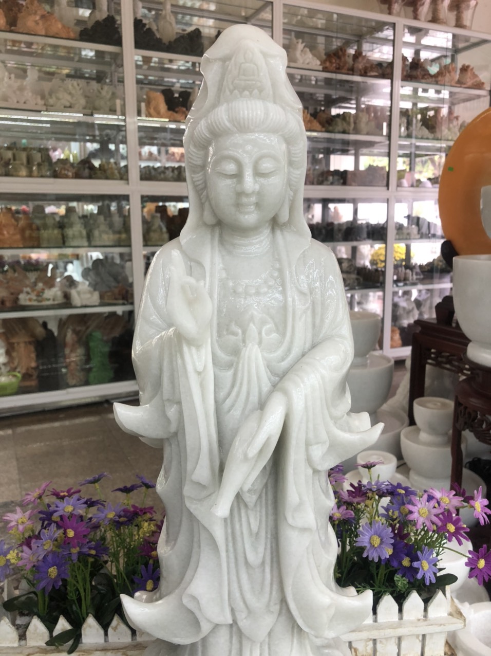 ✨Tượng Phật Bà Quan Thế Âm Bồ Tát đứng đài sen đá cẩm thạch trắng - Cao 60 cm
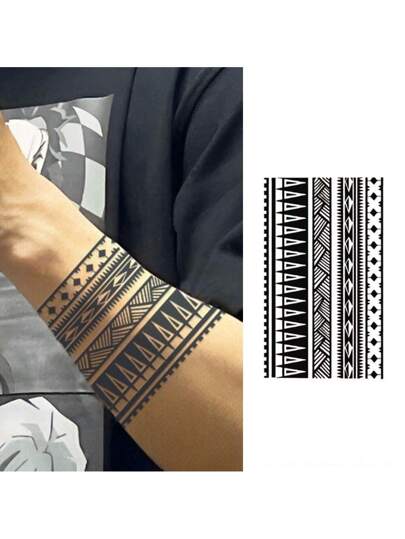 1 张臂章背部防水持久临时纹身 - 黑色 - 查看 3
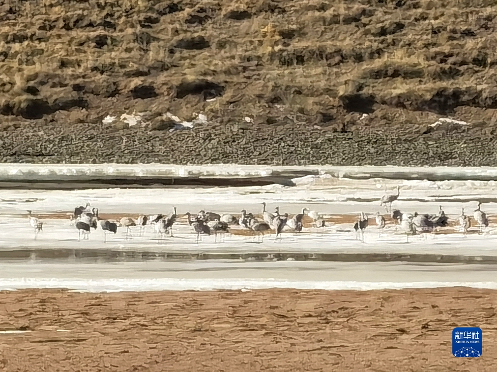3月13日,在位于瑪多縣境內的三江源國家公園黃河源園區(qū),記者拍攝到的一群蓑羽鶴在黃河干流河道間棲息覓食。新華社記者 呂雪莉 攝
· · · ·
= What you need to do =
Retype the data shown above exactly, excluding any picture it contains.

= Exercise output =
 ✨Tượng Phật Bà Quan Thế Âm Bồ Tát đứng đài sen đá cẩm thạch trắng - Cao 60 cm
 1 张臂章背部防水持久临时纹身 - 黑色 - 查看 3
3月13日,在位于瑪多縣境內的三江源國家公園黃河源園區(qū),記者拍攝到的一群蓑羽鶴在黃河干流河道間棲息覓食。新華社記者 呂雪莉 攝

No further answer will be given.